There are a few dishes in the sink soaking in hot soapy water as per Sylvia's Sunday List. I will attend to them later on after I have had a rest. 

It isn't ideal that I am seeking to go back to bed so early in the day, but such is the life of a chronically ill person. I no longer feel any false guilt over it like I did in the early days of finding out what my new normal would be.  I can only get through this flare by resting...

So list of to do's today:

  1. Hang up clothes
  2. Set slow cooker going with sausages for dinner
  3. Rest

And last but not least, I will be rejoicing as more rain falls giving our parched land a drenching! 


Saturday, 1 February 2020

First we have tea


We had a very fitful sleep last night due to the temperatures being so high yesterday. Our reverse cycle air conditioner just doesn't make it up to the front of the house and our bedroom is right at the front, faces east and catches the sun all day. It was like an oven in our room with the temp being 23C all night. Our fan only blew hot air around....

It is supposed to be 30C today with thunder storms later. We always have our Emergency phone app on to advise us on fire activity as we live in the country. Last year Chris's son, who lives near us, had to evacuate his family because of fires and this is something we are prepared for. 

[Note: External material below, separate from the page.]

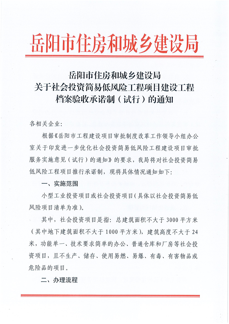 岳阳市住房和城乡建设局《关于社会投资简易低风险工程项目建设工程档案验收承诺制(试行)》的通知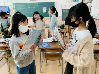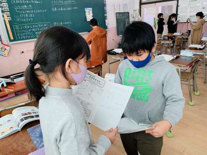 いつもは隣の人とのペア交流ですが、今日はたくさんの人と交流しようとペアを探しての自由交流をしました。

In the front guest room we have our important documents, spare medicines and some clothing and our photos on USB  disk. They are easy to grab in case we get the evacuation call. With high fire danger today and lightning strikes a possibility, we have our fire plan in place. Yes, it's firmly in place,  along with our little white cat, Xena's cat cage. Just in case...

I am currently listening to the Bible on You Tube and it is great for times when I am in a fibromyalgia flare and can't take in what I am reading. This is my preferred method of quiet time on days like today when my fibro is bad and I am lacking sleep and spoons

So because of lack of spoons and much heat, we plan to stay home today. So far, I have showered, dressed and taken my medications. I have a few things planned for today:

  1. I need to fold and put away three loads of washing.
  2. I want to make a lamb stew in the slow cooker for dinner (so as not to heat up the kitchen)
  3. I want to resume following FlyLady by jumping in wherever the zone is for today.

I usually use FlyLady and Sylvia Britton's Lists for chronically ill women depending on how I feel each day.  I use the List for the day, then I may follow FlyLady's zone for 15mins. Today I am doing 15 minutes of cleaning in Zone 1 in FlyLady.

If I get these three things done today, it will be good. I will just cross off those things I achieve. We will see. But first we have tea. Everything goes better with a cup of tea!